Built and trained the authorship attribution model.
Framed the task at the sentence level to improve interpretability.
Integrated SHAP and LIME to explain model predictions.
Developed a pipeline for similarity scoring between user text and reference authors.
Helped evaluate both model quality and system efficiency in an interactive setting.

Key idea

A key design choice was to avoid treating the input as one opaque block of text. Instead, the system splits writing into sentences, classifies them with fastText, and then aggregates the results. This makes the prediction pipeline easier to interpret and also enables token-level explanation through SHAP and LIME.

Beyond classification, the project computes cosine similarity between the input text and reference texts so that users can see not only the predicted author, but also how closely their writing aligns with different styles.

Main findings

We trained and compared two fastText models: a basic version and an auto-tuned version. The auto-tuned model clearly performed better, reaching a P@1 of 94.7%, compared with 75.4% for the basic model. The report argues that this improvement is especially meaningful in the multi-author setting, where the classifier must separate many stylistically similar classes.

We also compared SHAP and LIME as explanation methods. In our experiments, SHAP was substantially more computationally efficient, especially as input length increased, making it the better choice for a real-time interactive system.
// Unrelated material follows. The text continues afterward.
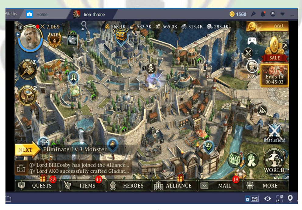
Figure 5 Age of Empire IV

A real-time strategy games is a type of games where players progress simultaneously with each other in "real time" as opposed to taking turns. The RTS genre typically describes games where players construct buildings and wield armies in order to dominate a field of play. Real-time strategy refers to a time-based video game that focuses on using resources to build units and defeat an opponent, where each player has time to carefully consider the next move without having to worry about the actions of his opponent. In real-time strategy games, players must attempt to build their resources, defend their bases, and launch attacks while knowing the opponent is scrambling to do the same things. An example of game is Age of Empire, StarCraft II, and Company of Heroes 3.

Finally, the Tornado server showed good scalability under increasing request load and longer text inputs, suggesting that the system was practical as an interactive web tool rather than just an offline experiment.

Dataset and scope

The full dataset contains 3,036 English-language books by 142 authors, but for the implemented system we used a curated subset of 10 authors to make training and evaluation more manageable. These authors were selected to span a range of literary styles, from Agatha Christie and Jane Austen to Walt Whitman and Winston Churchill.

Explainability in action

A central contribution of the project is that the model does not stop at prediction. With SHAP and LIME, the interface can highlight which words or phrases push a sentence toward one author over another. This makes the system more useful for education and exploration, since users can inspect stylistic signals rather than receiving only a label.

Interactive interface

The repository includes a Tornado-based web interface that lets users submit text and receive classification results, similarity scores, and explanations in real time. This made the project feel more like a usable application than a standalone model benchmark.

Course context

This project was completed for ECS 171: Machine Learning at UC Davis in Summer Session 2, 2024, and received full marks.